- [Prompt]:
Skip the pictures, please, and write out exactly the lines from the opening of the data through the line containing "Barbour x ganni".

- [Provided information]:
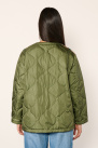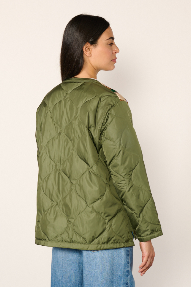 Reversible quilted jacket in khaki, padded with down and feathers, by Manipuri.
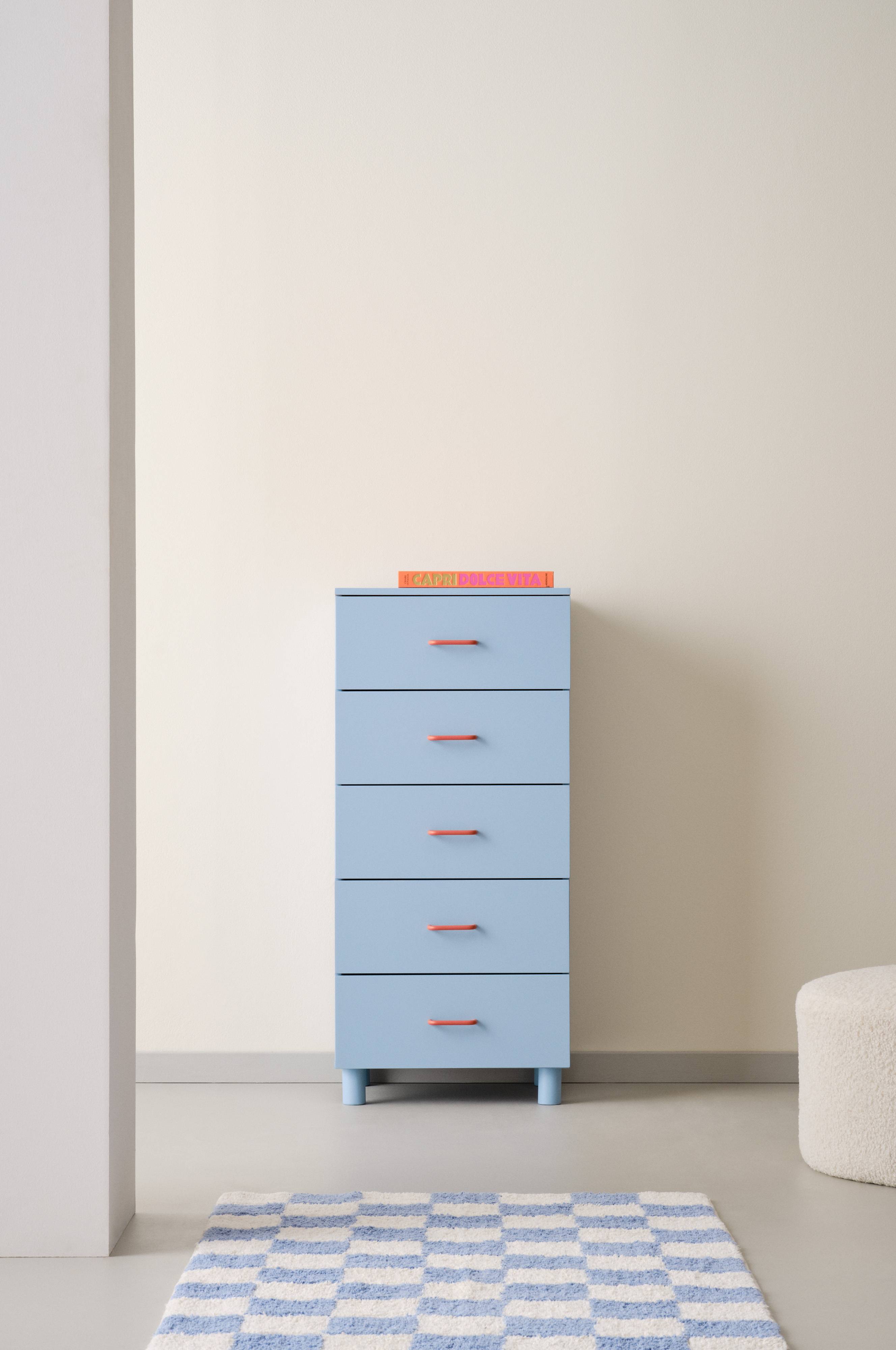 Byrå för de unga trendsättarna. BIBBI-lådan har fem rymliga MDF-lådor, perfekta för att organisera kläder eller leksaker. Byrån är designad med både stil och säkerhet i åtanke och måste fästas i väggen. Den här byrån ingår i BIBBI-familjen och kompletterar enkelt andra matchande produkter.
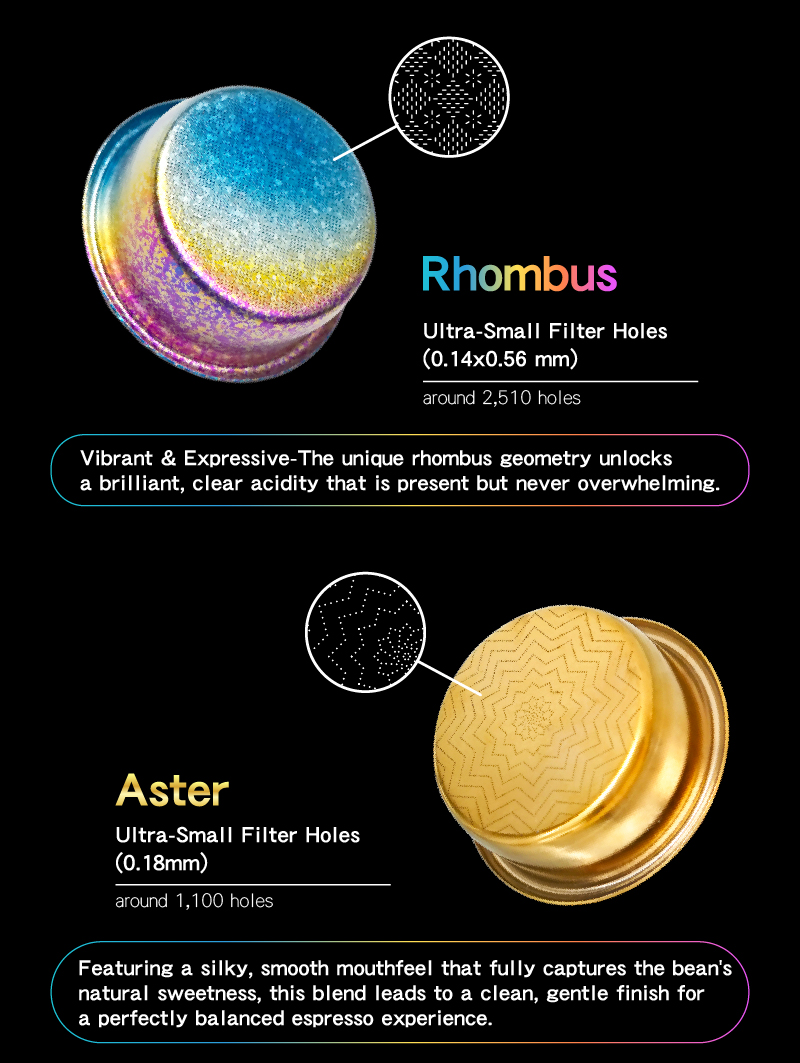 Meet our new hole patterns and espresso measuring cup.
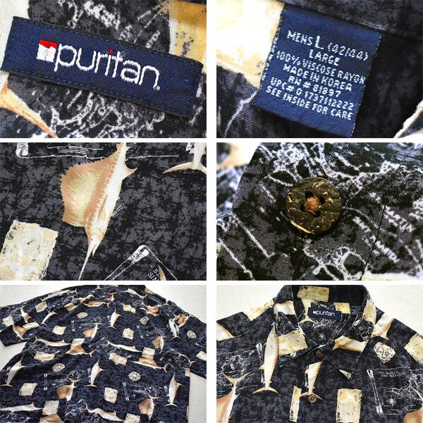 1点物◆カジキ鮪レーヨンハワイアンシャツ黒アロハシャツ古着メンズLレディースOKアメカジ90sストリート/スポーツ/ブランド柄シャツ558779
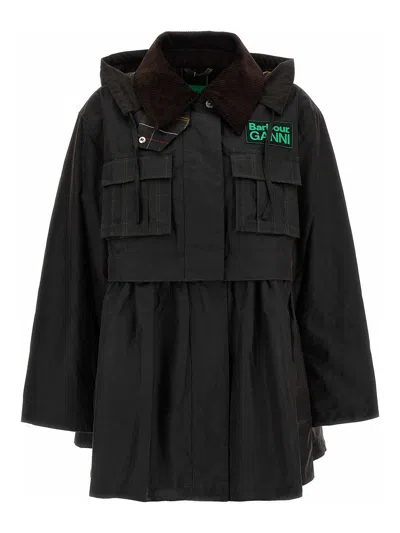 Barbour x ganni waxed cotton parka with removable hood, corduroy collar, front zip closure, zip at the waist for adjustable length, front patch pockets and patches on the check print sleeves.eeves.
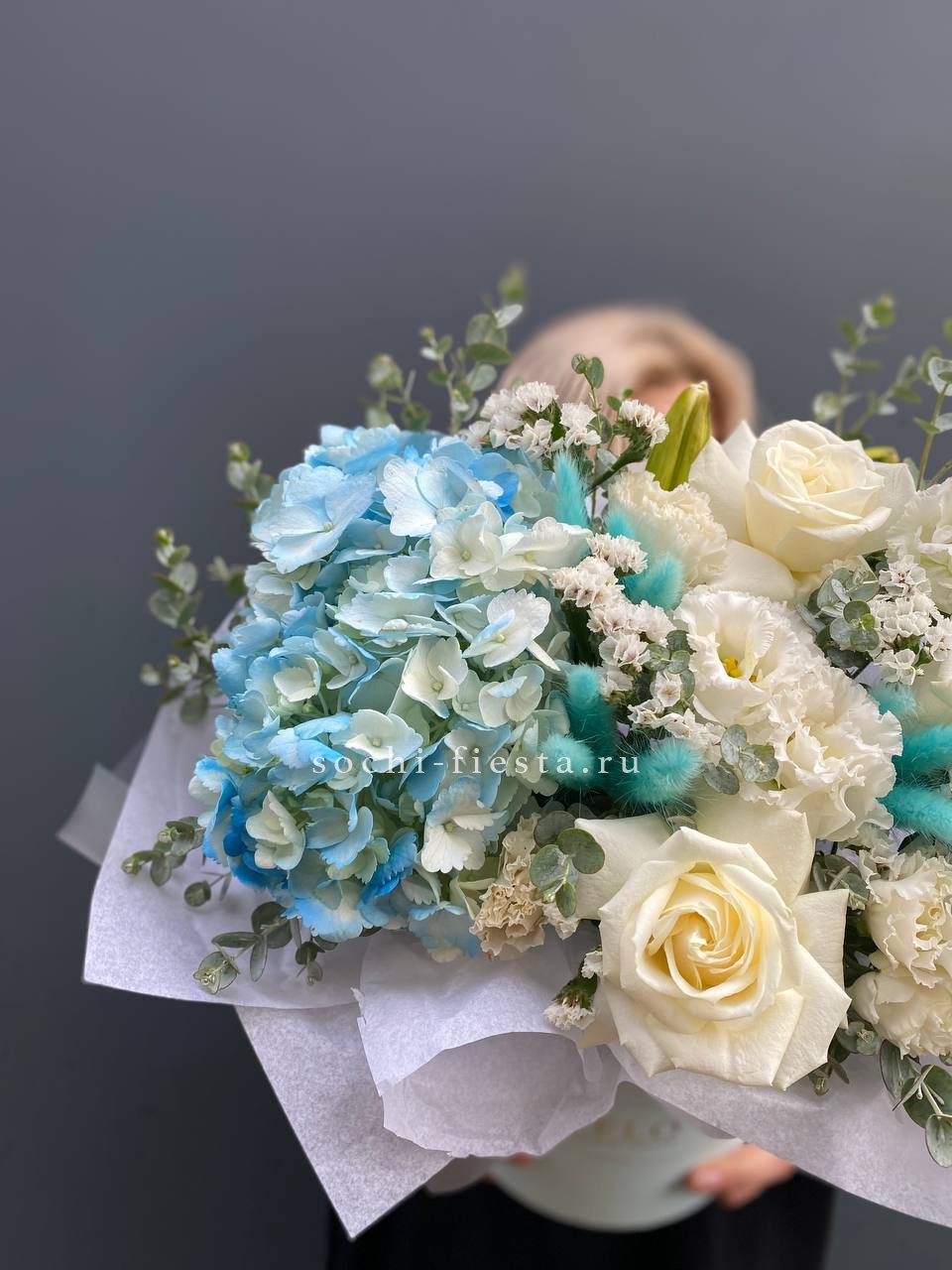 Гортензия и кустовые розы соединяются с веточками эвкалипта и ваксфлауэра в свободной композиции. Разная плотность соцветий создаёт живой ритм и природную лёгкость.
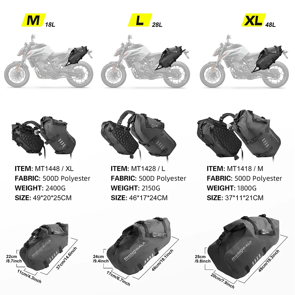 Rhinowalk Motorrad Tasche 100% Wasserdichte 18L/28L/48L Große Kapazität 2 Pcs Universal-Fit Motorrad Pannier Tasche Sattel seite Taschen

- [Response area]:
 Reversible quilted jacket in khaki, padded with down and feathers, by Manipuri.
 Byrå för de unga trendsättarna. BIBBI-lådan har fem rymliga MDF-lådor, perfekta för att organisera kläder eller leksaker. Byrån är designad med både stil och säkerhet i åtanke och måste fästas i väggen. Den här byrån ingår i BIBBI-familjen och kompletterar enkelt andra matchande produkter.
 Meet our new hole patterns and espresso measuring cup.
 1点物◆カジキ鮪レーヨンハワイアンシャツ黒アロハシャツ古着メンズLレディースOKアメカジ90sストリート/スポーツ/ブランド柄シャツ558779
 Barbour x ganni waxed cotton parka with removable hood, corduroy collar, front zip closure, zip at the waist for adjustable length, front patch pockets and patches on the check print sleeves.eeves.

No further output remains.